RECORDED INFORMATION:
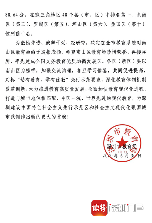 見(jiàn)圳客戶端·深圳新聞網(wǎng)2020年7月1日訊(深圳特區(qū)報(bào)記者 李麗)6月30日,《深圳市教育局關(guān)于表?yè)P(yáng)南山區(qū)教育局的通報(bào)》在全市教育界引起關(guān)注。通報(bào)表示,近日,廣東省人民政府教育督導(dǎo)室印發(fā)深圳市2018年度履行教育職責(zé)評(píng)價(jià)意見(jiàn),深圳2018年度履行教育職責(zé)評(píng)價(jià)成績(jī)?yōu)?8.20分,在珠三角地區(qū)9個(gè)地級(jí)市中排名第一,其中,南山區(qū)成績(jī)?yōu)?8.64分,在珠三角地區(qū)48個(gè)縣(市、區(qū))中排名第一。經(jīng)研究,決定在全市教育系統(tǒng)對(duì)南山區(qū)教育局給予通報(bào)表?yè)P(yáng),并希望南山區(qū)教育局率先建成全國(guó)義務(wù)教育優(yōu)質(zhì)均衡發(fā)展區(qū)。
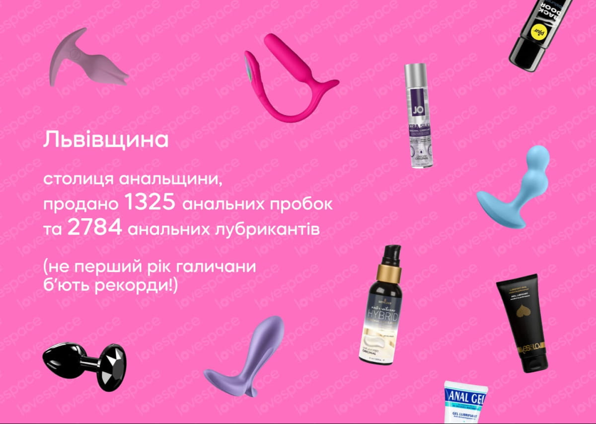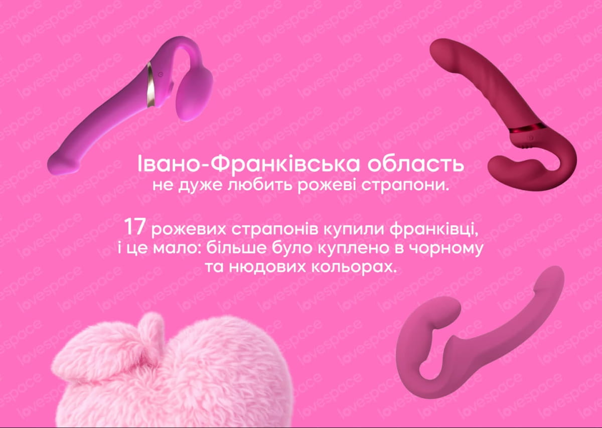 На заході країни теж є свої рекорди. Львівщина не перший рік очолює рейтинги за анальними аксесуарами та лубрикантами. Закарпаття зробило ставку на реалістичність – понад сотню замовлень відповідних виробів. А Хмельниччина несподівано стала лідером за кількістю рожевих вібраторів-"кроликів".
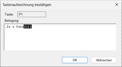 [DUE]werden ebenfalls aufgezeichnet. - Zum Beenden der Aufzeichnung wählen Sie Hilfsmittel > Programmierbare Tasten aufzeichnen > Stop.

TASK BRIEF: With the pictures omitted, print each line of the data above precisely as given.

RESPONSE AREA:
 見(jiàn)圳客戶端·深圳新聞網(wǎng)2020年7月1日訊(深圳特區(qū)報(bào)記者 李麗)6月30日,《深圳市教育局關(guān)于表?yè)P(yáng)南山區(qū)教育局的通報(bào)》在全市教育界引起關(guān)注。通報(bào)表示,近日,廣東省人民政府教育督導(dǎo)室印發(fā)深圳市2018年度履行教育職責(zé)評(píng)價(jià)意見(jiàn),深圳2018年度履行教育職責(zé)評(píng)價(jià)成績(jī)?yōu)?8.20分,在珠三角地區(qū)9個(gè)地級(jí)市中排名第一,其中,南山區(qū)成績(jī)?yōu)?8.64分,在珠三角地區(qū)48個(gè)縣(市、區(qū))中排名第一。經(jīng)研究,決定在全市教育系統(tǒng)對(duì)南山區(qū)教育局給予通報(bào)表?yè)P(yáng),并希望南山區(qū)教育局率先建成全國(guó)義務(wù)教育優(yōu)質(zhì)均衡發(fā)展區(qū)。
 На заході країни теж є свої рекорди. Львівщина не перший рік очолює рейтинги за анальними аксесуарами та лубрикантами. Закарпаття зробило ставку на реалістичність – понад сотню замовлень відповідних виробів. А Хмельниччина несподівано стала лідером за кількістю рожевих вібраторів-"кроликів".
 [DUE]werden ebenfalls aufgezeichnet. - Zum Beenden der Aufzeichnung wählen Sie Hilfsmittel > Programmierbare Tasten aufzeichnen > Stop.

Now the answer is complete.